Leading the decline were Parque Arauco (-5.1%), Ripley (-5%), and Mallplaza (-4.4%). Trading volume for Chilean stocks reached $330 million, with a third concentrated in shares of SQM-B (-4.2%) and Latam (-2.2%), both of which significantly influenced the IPSA due to their substantial weighting within the index.
Regional Impact and Commodity Concerns
The downturn wasn’t isolated to Chile. Other Latin American stock markets likewise experienced declines, with Peru’s Select index falling 4.6%. Brazil and Mexico saw similar, though less severe, drops. Yet, Chile is the only country in the region where the year-to-date balance has turned negative, with the IPSA now down 2.2% for 2026.
Manuel Bengolea, general manager of Octogone, explained to DF that the shift represents a “rather dramatic reversal” from recent positive trends in copper and lithium prices, coupled with declining oil prices – a previously favorable scenario for Chile. “All this geopolitical disruption we’re seeing is what has reversed the commodity scenario,” he said.
Increased Global Risk Aversion
Maximiliano Gré, a financial advisor manager at Betterplan, noted that Chile’s greater international exposure makes it particularly vulnerable. “Chile is much more exposed internationally in its trade balance compared to Brazil, which has a very strong domestic economy, or Mexico,” Gré explained. “We import almost all of our oil, and that impacts future inflation that could be generated. We have an economy that contracted in January, which would encourage a reduction in the TPM, but now the Central Bank must evaluate whether to perhaps maintain it at its meeting this month.”
The initial market reaction was triggered by growing uncertainty surrounding the duration of the conflict in the Middle East. Statements from both Donald Trump and Secretary of State Marco Rubio suggesting that the most significant attacks against Iran “are yet to come” contributed to the heightened anxiety, as reported by DF. An attack on the U.S. Embassy in Saudi Arabia and a State Department call for U.S. Citizens to leave the region further fueled concerns.
Gré also pointed to the outflow of global institutional investors, driven by the depreciation of emerging market currencies and poor stock performance.
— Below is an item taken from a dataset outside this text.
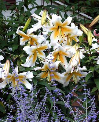 Лилия Mister Cas (Мистер Кас). ОТ-гибрид, лилия-"дерево". Цветки бело-желтые, очень крупные, направленные вниз. Лепестки волнистые, они элегантно отгибаются назад, открывая желто-оранжевый центр с продолговатыми пятнами. Высота растения до 90-120 см. Со временем эта лилия превратится в настоящего гиганта с 20 душистыми цветками около 20 см в диаметре.

Many investors are reportedly taking profits from last year and early 2026 to reduce their exposure to emerging markets until the situation stabilizes.
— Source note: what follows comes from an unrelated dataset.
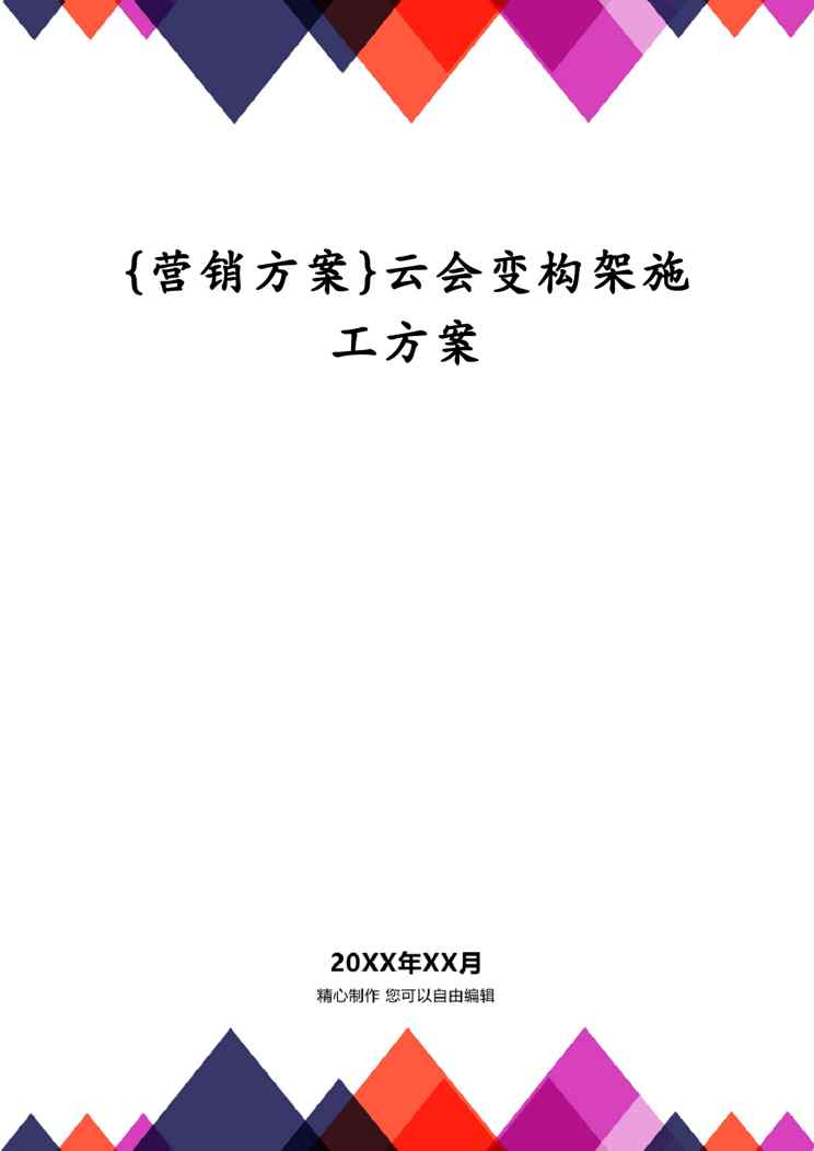 不久前,最新文档《{营销方案}云会变构架施工方案》全文正式在本站发布,感兴趣的用户可以下载阅读。 声明:本站所有文章,如无特殊说明或标注,均为本站原创发布。任何个人或组织,在未征得本站同意时,禁止复制、盗用、采集、发布本站内容到任何网站、书籍等各类媒体平台。如若本站内容侵犯了原著者的合法权益,可联系我们进行处理。

Bengolea added that emerging markets have benefited from an overvaluation due to capital flows from dollars into local currencies. “What we have is a wake-up call, where you witness which assets are long-term and which are tactical or short-term strategies, and emerging markets are often tactical assets in the view of investors,” he said.
Global Market Contraction
European markets were among the hardest hit, reflecting their vulnerability to potential energy repercussions. The Euro Stoxx 50 fell 3.6%, and the FTSE 100 of London declined 2.8%. Natural gas futures in Europe surged, accumulating a 70% increase this week alone due to attacks on energy infrastructure in Qatar.
Asian markets also suffered losses, with the Nikkei in Tokyo dropping 3.1%. In China, the Hong Kong Hang Seng fell 1.1%, and the CSI 300 of mainland China lost 1.5%.
A slight calming of fears regarding energy supply disruptions occurred later in the day, after the Chilean stock exchange closed, when Trump announced that Washington would offer security guarantees and naval escorts to tankers transiting the Strait of Hormuz, which has been effectively blocked by the ongoing conflict.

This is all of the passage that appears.